PROVIDED DATA: Begin

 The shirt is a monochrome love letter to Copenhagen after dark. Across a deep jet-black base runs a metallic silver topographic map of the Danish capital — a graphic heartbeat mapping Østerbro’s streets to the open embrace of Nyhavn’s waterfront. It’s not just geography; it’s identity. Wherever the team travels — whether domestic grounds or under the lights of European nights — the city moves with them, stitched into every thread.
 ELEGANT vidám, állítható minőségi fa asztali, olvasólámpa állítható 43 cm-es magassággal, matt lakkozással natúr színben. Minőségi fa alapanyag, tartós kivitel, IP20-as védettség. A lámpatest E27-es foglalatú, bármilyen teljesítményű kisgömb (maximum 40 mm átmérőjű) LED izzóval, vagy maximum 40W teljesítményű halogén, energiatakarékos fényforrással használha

PROVIDED DATA: End
PROVIDED DATA: Begin

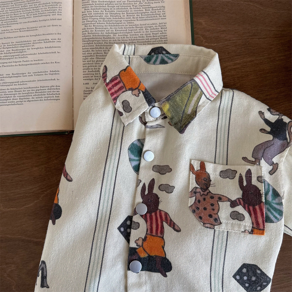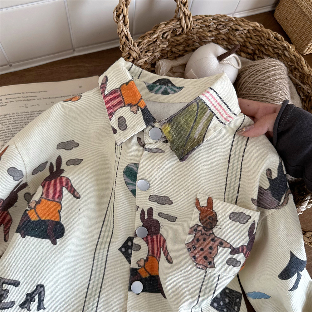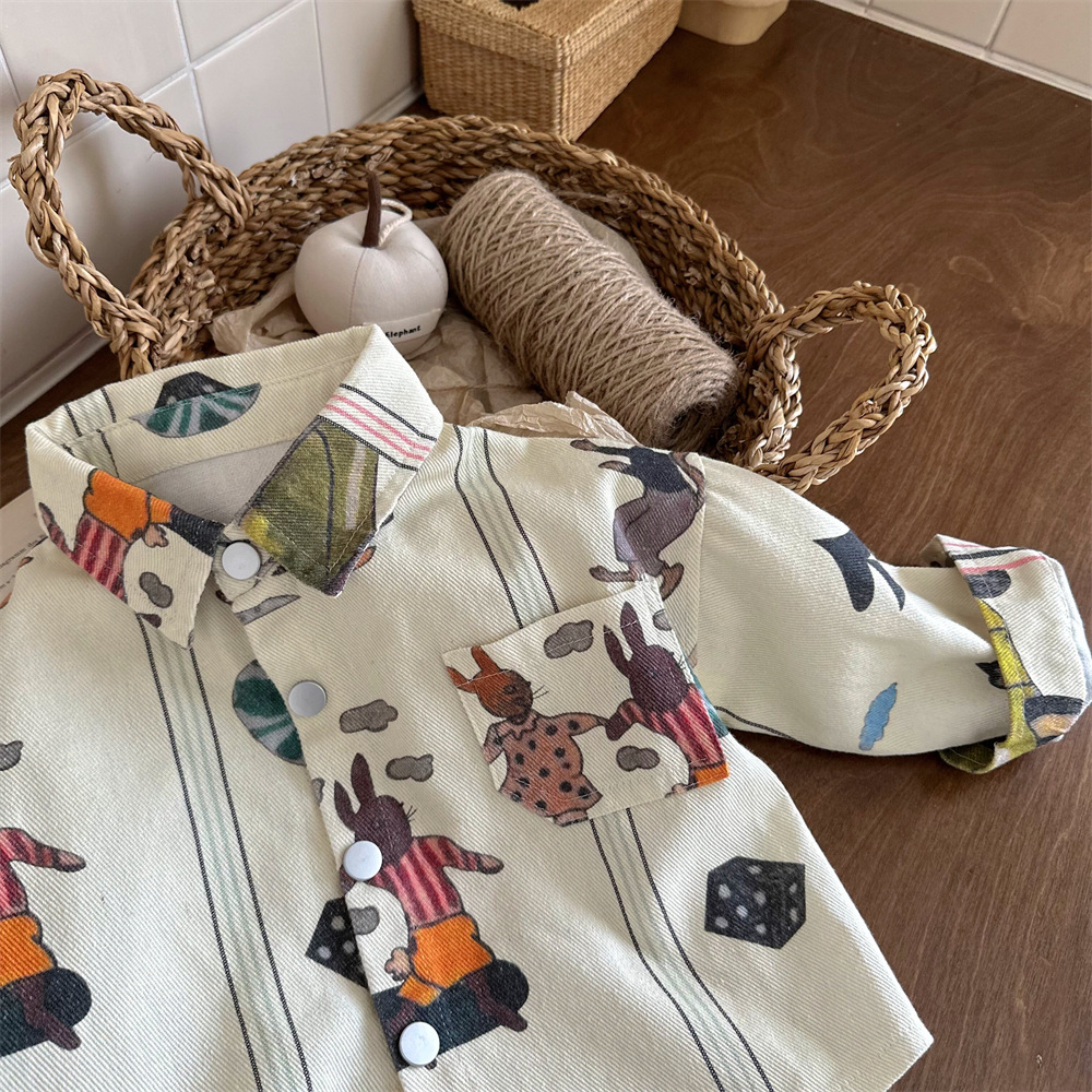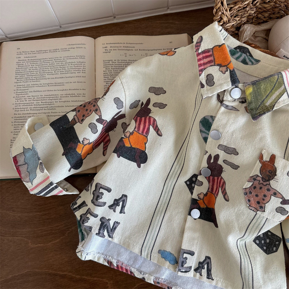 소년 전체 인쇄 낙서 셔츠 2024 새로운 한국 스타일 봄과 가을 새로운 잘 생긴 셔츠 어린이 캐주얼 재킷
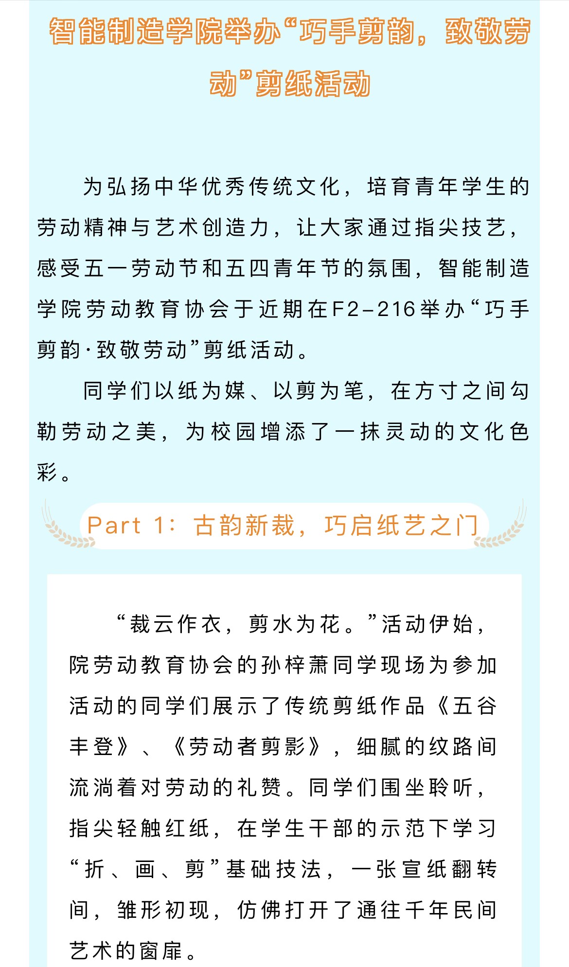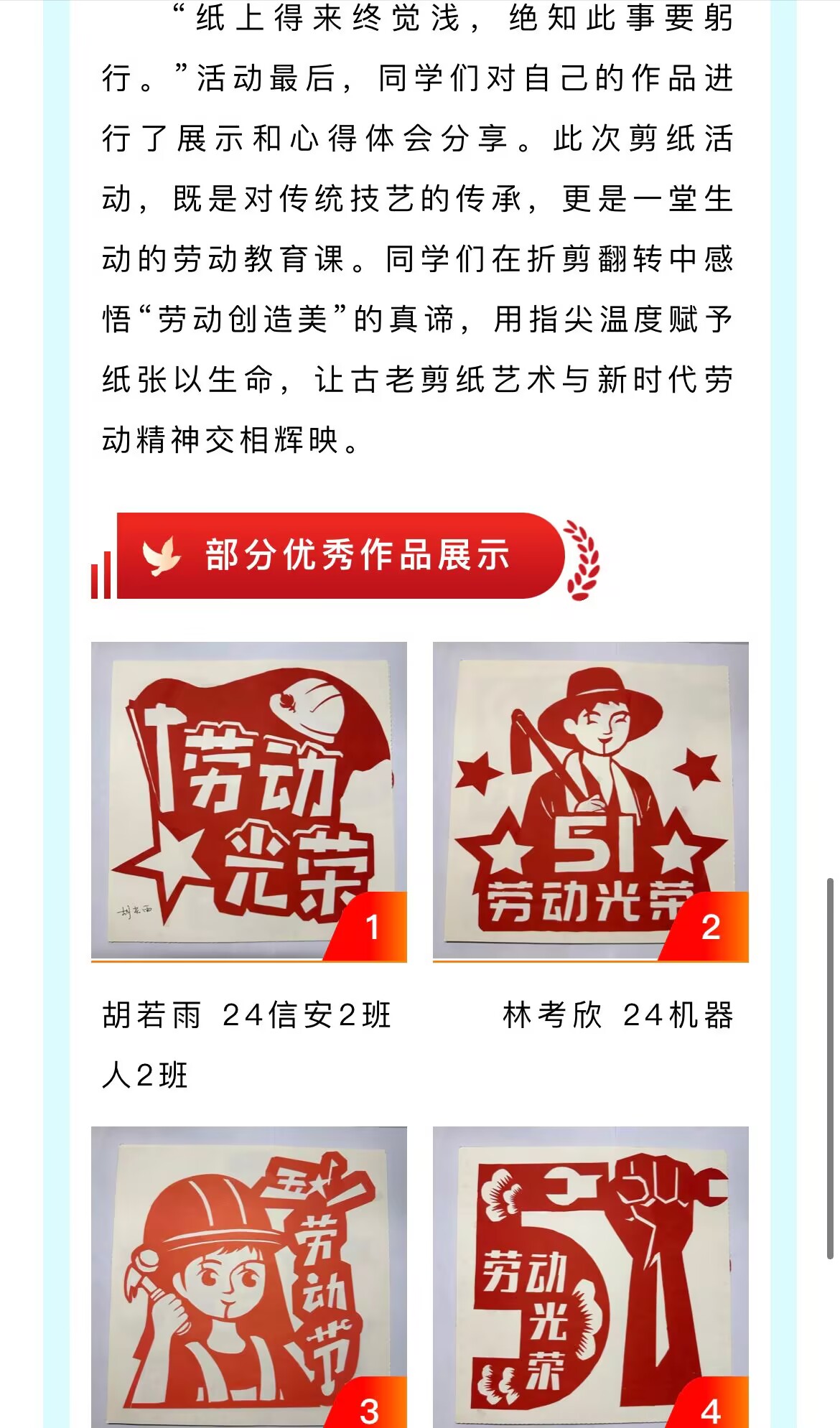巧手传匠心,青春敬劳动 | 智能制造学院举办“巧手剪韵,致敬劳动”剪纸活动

PROVIDED DATA: End
PROVIDED DATA: Begin

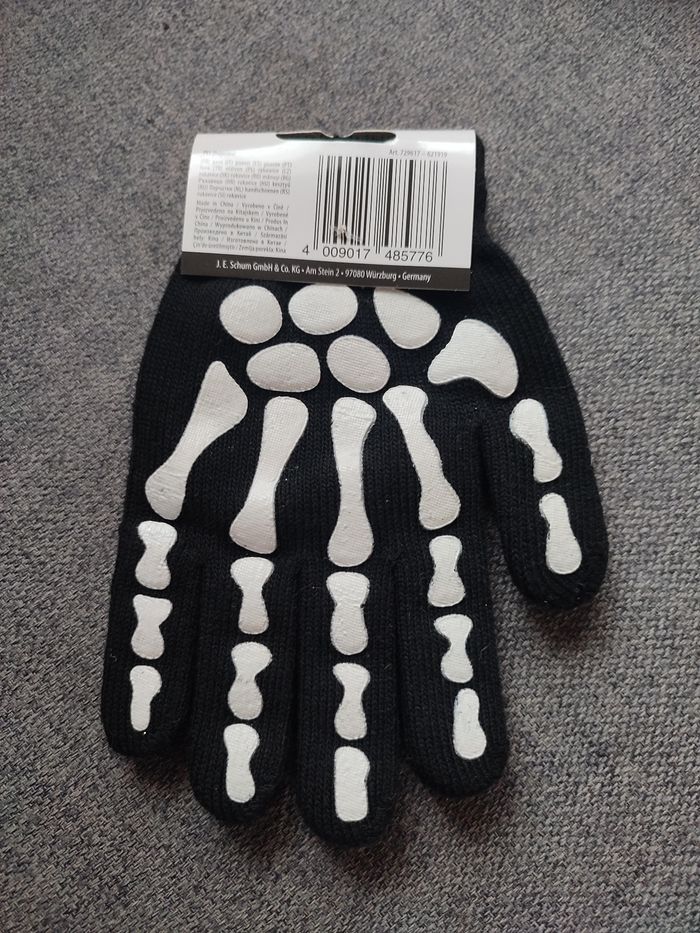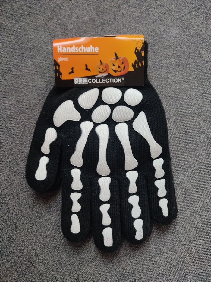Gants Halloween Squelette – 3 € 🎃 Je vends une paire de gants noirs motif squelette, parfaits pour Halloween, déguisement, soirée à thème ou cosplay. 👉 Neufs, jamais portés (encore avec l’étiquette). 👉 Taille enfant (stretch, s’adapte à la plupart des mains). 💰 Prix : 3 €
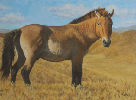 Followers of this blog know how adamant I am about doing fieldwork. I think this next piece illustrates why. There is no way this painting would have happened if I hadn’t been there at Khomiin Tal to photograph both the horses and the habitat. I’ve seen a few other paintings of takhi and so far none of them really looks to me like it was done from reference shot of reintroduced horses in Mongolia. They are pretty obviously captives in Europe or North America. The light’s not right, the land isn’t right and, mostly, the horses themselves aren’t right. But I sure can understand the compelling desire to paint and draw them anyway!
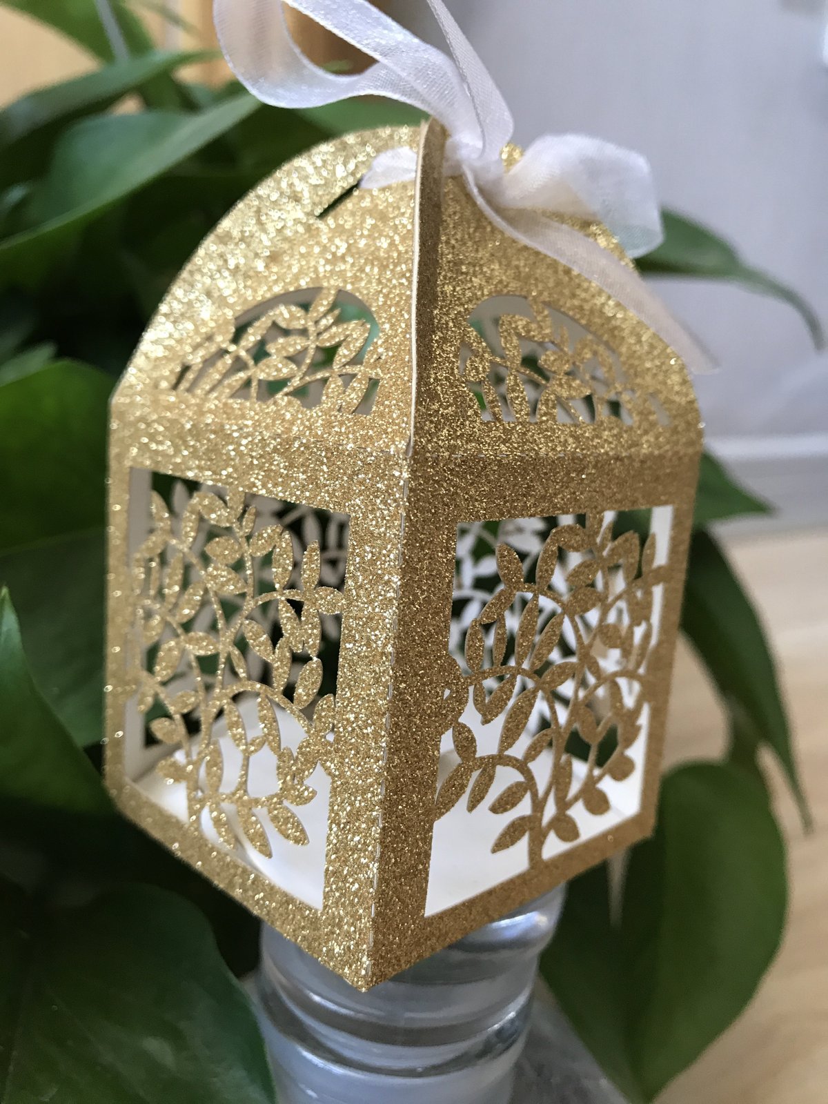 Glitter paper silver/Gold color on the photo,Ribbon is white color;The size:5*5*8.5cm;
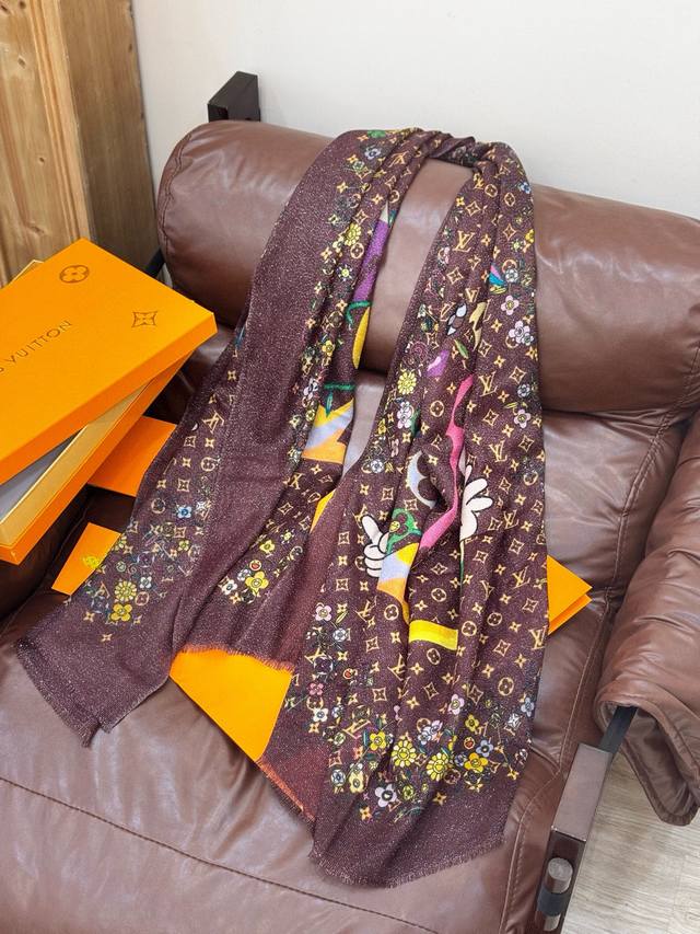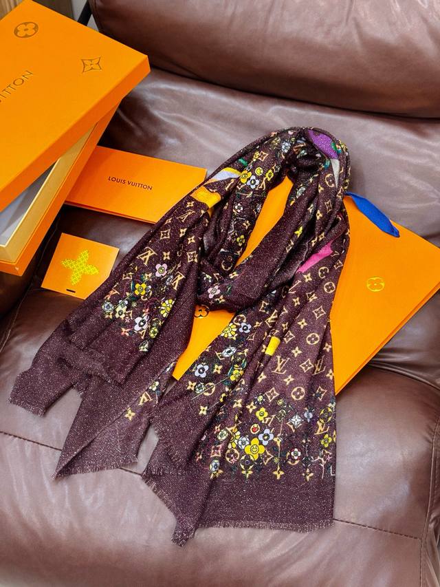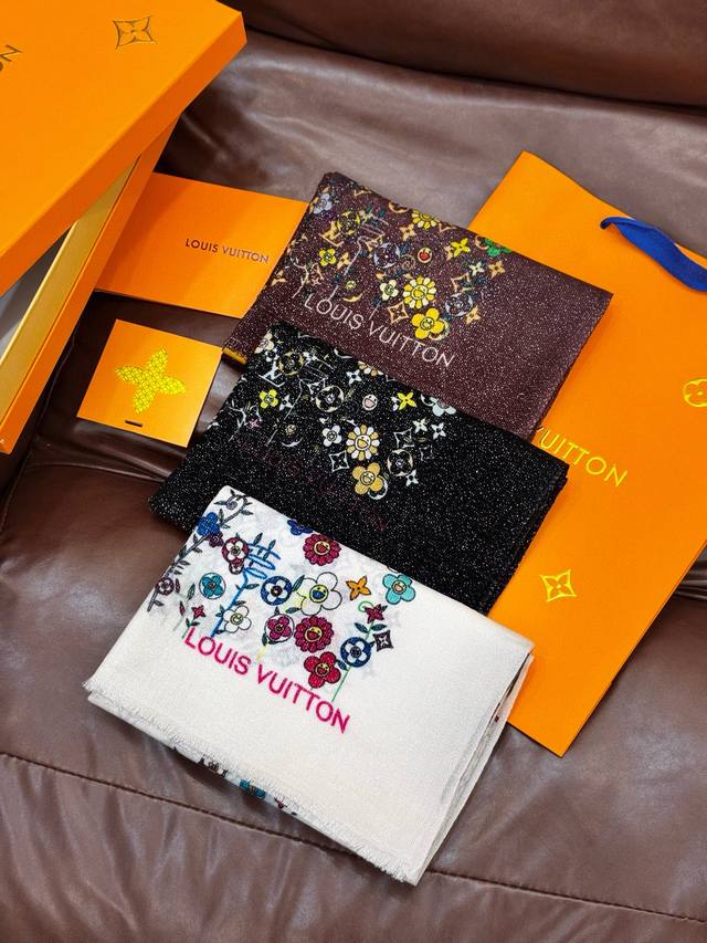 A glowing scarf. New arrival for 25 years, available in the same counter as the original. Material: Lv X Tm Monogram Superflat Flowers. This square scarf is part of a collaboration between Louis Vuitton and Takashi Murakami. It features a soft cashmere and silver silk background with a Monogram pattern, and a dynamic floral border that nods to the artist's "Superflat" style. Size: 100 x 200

PROVIDED DATA: End

**WORK ITEM**
Using the entries above, transcribe every line from the line containing "Followers of this" through the line containing "A glowing scarf.". Do not copy pictures.

**ANSWER TO THIS EXERCISE**
 Followers of this blog know how adamant I am about doing fieldwork. I think this next piece illustrates why. There is no way this painting would have happened if I hadn’t been there at Khomiin Tal to photograph both the horses and the habitat. I’ve seen a few other paintings of takhi and so far none of them really looks to me like it was done from reference shot of reintroduced horses in Mongolia. They are pretty obviously captives in Europe or North America. The light’s not right, the land isn’t right and, mostly, the horses themselves aren’t right. But I sure can understand the compelling desire to paint and draw them anyway!
 Glitter paper silver/Gold color on the photo,Ribbon is white color;The size:5*5*8.5cm;
 A glowing scarf. New arrival for 25 years, available in the same counter as the original. Material: Lv X Tm Monogram Superflat Flowers. This square scarf is part of a collaboration between Louis Vuitton and Takashi Murakami. It features a soft cashmere and silver silk background with a Monogram pattern, and a dynamic floral border that nods to the artist's "Superflat" style. Size: 100 x 200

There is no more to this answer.